Advanced ENVI for GEOINT is a scenario-based follow-on to ENVI Basics for GEOINT, designed for remote sensing specialists, geospatial engineers, or risk managers wanting to produce advanced products to support various operations. The 10 modules represent scenarios in which students solve complex real-world geospatial problems and generate sophisticated, actionable intelligence products from diverse sensor sources.
Core Components:
- Advanced Spectral Processing and Analysis: Utilizes hyper- and multispectral imagery for feature detection, material identification, and classification.
- LiDAR Point Cloud Processing: Navigating 3D point clouds, measuring distances, and generating elevation raster or vector products.
- 3D Terrain Analysis: Exploit high-resolution, stereographic images to generate raster elevation products and use viewshed tools to determine zones of visibility for field operations.
- Workflow Automation: Utilizing ENVI’s Modeler and IDL for scripting, customizing, and automating repeatable GEOINT tasks.
- ArcGIS Pro Integration: Export ENVI Modeler workflows as ArcGIS Pro toolboxes and synchronize both applications displays for enhanced spatial analysis.
Learning outcomes
After this course, you will be able to:
- Process and analyze LiDAR, optical, and SAR data in ENVI to generate elevation models, vegetation metrics, and activity-based insights.
- Apply supervised, unsupervised, machine learning, and deep learning techniques for land cover classification, material identification, and aircraft detection.
- Perform advanced spectral and change detection analyses, including vegetation indices and target detection.
- Create and automate geospatial workflows using ENVI Modeler, ENVI + IDL, and custom tools to produce repeatable, value-added products.

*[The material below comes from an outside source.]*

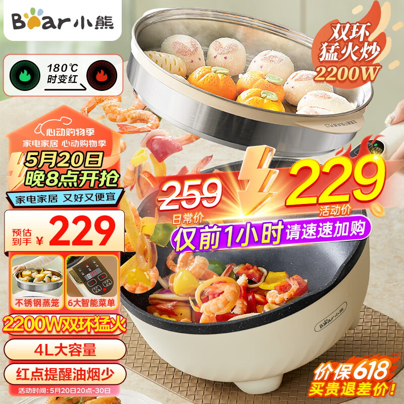 小熊(Bear)电炒锅 家用炒菜专用锅 电煮锅电蒸锅电火锅煎炒蒸煮不沾一体多功能大功率爆炒 DCG-A28M2 配蒸笼价格:229.00元!

- Generate 3D products and terrain models from LiDAR and stereo imagery, including point clouds, DSMs, and visibility analyses for route and observer planning.
- Integrate ENVI outputs with ArcGIS Pro to support broader GIS workflows and decision-making environments.
These skills will enable you to move from manual, time-consuming tasks to accelerated, automated workflows, enhancing situational awareness for applications such as threat detection, crisis response, and environmental monitoring.